The idea that frontier cemeteries have wood tombstones with hilarious epitaphs began here, and it's become a popular notion. Every Wild West attraction with an empty a patch of land, some scrap lumber, and an employee who can rhyme now has its own boot hill graveyard. In fact, Boot Hill-inspired comedy cemeteries are now in places that have nothing to do with the West. Everyone wants to get in on the joke.
A hundred-plus years of these imitations has raised expectations, and Boot Hill has been surpassed by its copycats. You may not be as entertained as you had hoped to be when you visit. No boots stick comically out of the ground, , no buzzards circle in the air, no towering hill casts an ominous shadow over the town (you'd have to go to Virginia City, Montana's Boot Hill for that). Most of the graves are marked by small metal plaques, and many of these read, simply, "Unknown."
There are only a few wooden headstones, and only a handful of these have clever sayings. "Here lies Lester Moore, Four slugs from a .44, No Les, No more" is the most quoteworthy. The Boot Hill gift shop sells miniatures of it as a ceramic bank.
Burials here were quick. A shallow grave was scratched into the cement-like soil, a wood casket was set into the depression, and rocks were overlaid to keep out the carnivores.
Boot Hill was pretty much shut down after 1884, restored in the 1930s, and hasn't changed much since.

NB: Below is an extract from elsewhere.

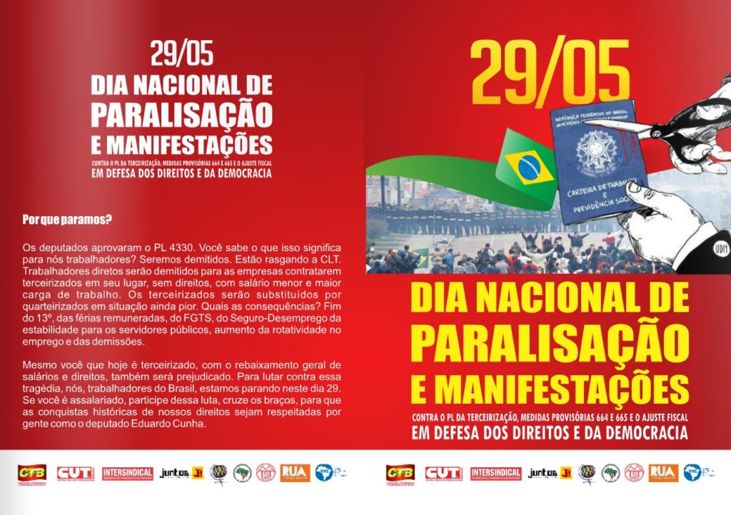 Frente a la decisión del Senado, el viernes 29 de mayo importantes centrales y sindicatos convocaran un Día Nacional de Paralización y Manifestaciones de la organización sindical y los movimientos para pronunciarse por un lado en contra de la MP 664 y 665, que trata de los ajustes fiscales. Por otro lado se posicionaron en contra el Proyecto de ley PL 4330 de la tercerización, propuesto y ya aprobado por el congreso nacional desde el presidente de la Cámara Eduardo Cunha PMDB. Este segundo proyecto de ley legaliza la tercerización y aumenta el trabajo precario.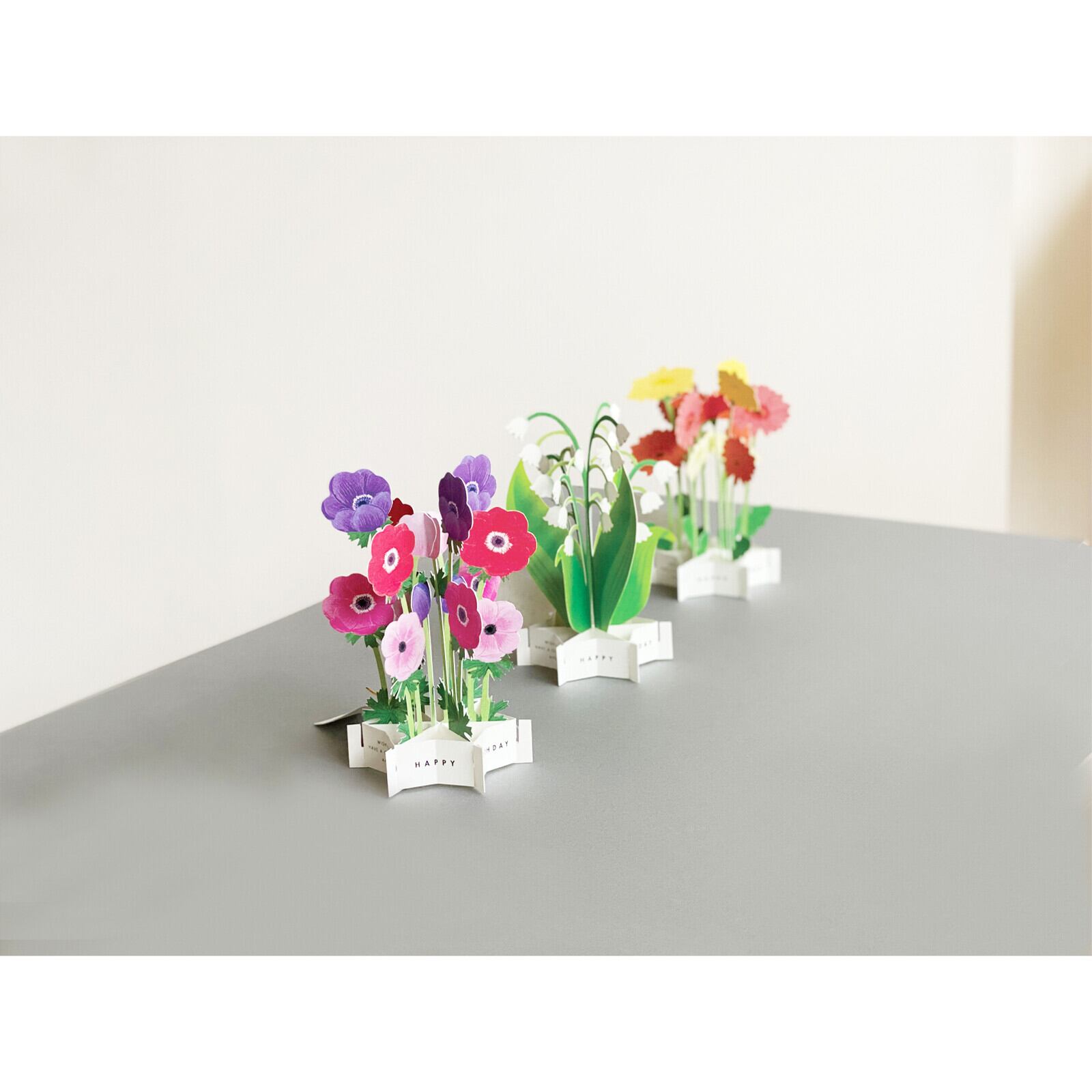 花がそこに咲いているようなポップアップカードですくるっと360°開いてゴムでとめることで、立てて飾ることができます。タグの裏面にメッセージ欄があります。

It's a crumbly, crunchy, dun-colored, sun-bleached, southern Arizona slope with slippery footing, lots of body-length piles of rocks, and a few desert plants added for variety.
It's a place that every tourist in America should visit, but you'll enjoy your visit more if you remember that it was designed for dead people, and that Bronco Charley, Stinging Lizard, 3-Fingered Jack Dunlap and the rest really weren't murdered, hanged, shot, stabbed, or ambushed by Indians for your amusement.